**EXERCISE DETAILS:** Your answer must be the exact lines below, starting with the line with "Номера в гостевом" and going on through the line with "2、智能背景替换功能:可自动", both included, with no pictures.

**RECORDS SHOWN:**
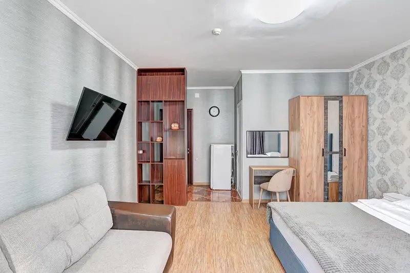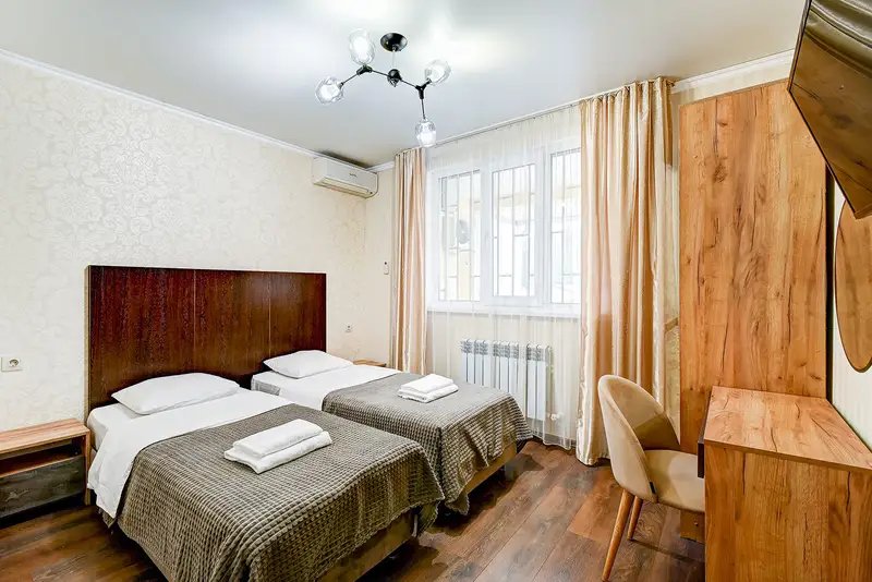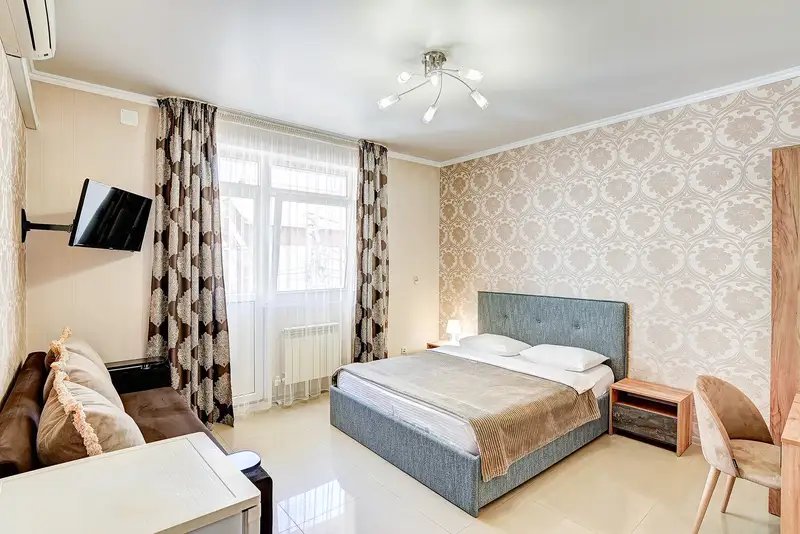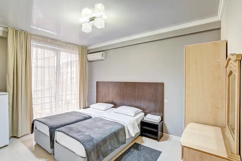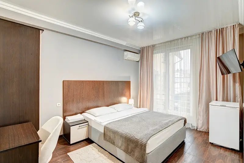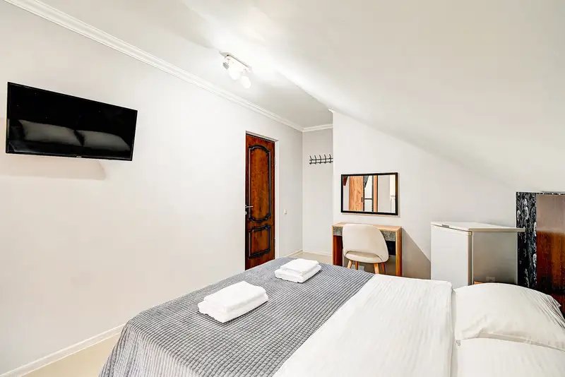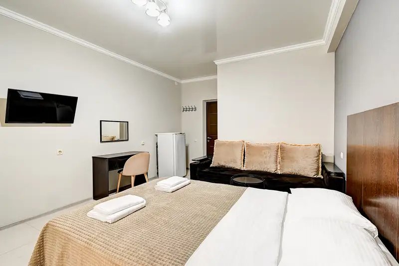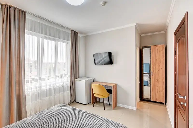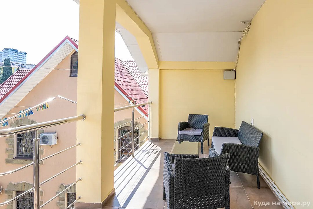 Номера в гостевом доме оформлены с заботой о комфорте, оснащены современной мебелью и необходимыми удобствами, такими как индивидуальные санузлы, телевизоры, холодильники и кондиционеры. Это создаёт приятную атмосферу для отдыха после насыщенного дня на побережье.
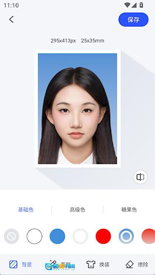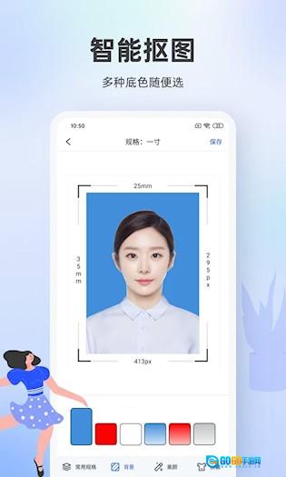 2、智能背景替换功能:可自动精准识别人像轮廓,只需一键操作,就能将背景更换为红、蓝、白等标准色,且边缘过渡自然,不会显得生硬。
---
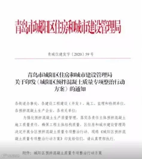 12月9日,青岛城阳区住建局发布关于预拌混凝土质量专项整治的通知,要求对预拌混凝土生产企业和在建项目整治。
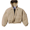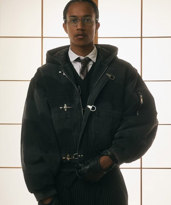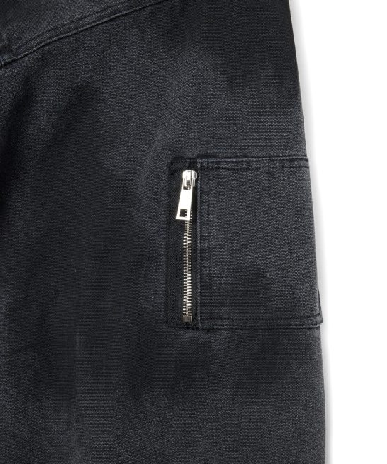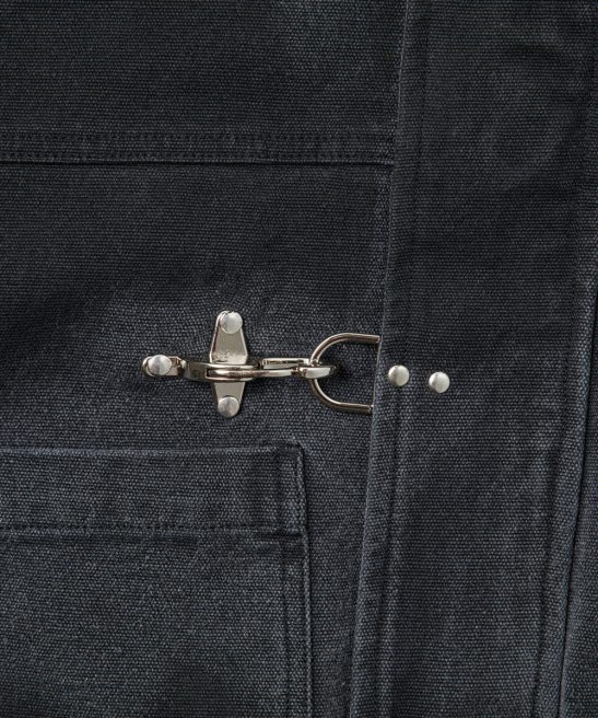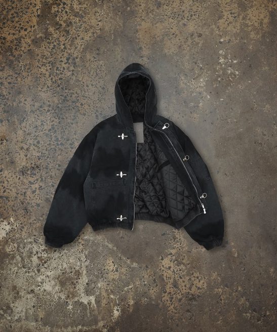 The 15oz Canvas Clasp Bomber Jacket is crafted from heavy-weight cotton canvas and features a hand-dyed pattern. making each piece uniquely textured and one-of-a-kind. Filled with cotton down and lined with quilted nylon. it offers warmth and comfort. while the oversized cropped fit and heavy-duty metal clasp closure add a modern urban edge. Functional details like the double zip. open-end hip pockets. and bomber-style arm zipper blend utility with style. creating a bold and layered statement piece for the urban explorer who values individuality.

**SOLUTION:**
 Номера в гостевом доме оформлены с заботой о комфорте, оснащены современной мебелью и необходимыми удобствами, такими как индивидуальные санузлы, телевизоры, холодильники и кондиционеры. Это создаёт приятную атмосферу для отдыха после насыщенного дня на побережье.
 2、智能背景替换功能:可自动精准识别人像轮廓,只需一键操作,就能将背景更换为红、蓝、白等标准色,且边缘过渡自然,不会显得生硬。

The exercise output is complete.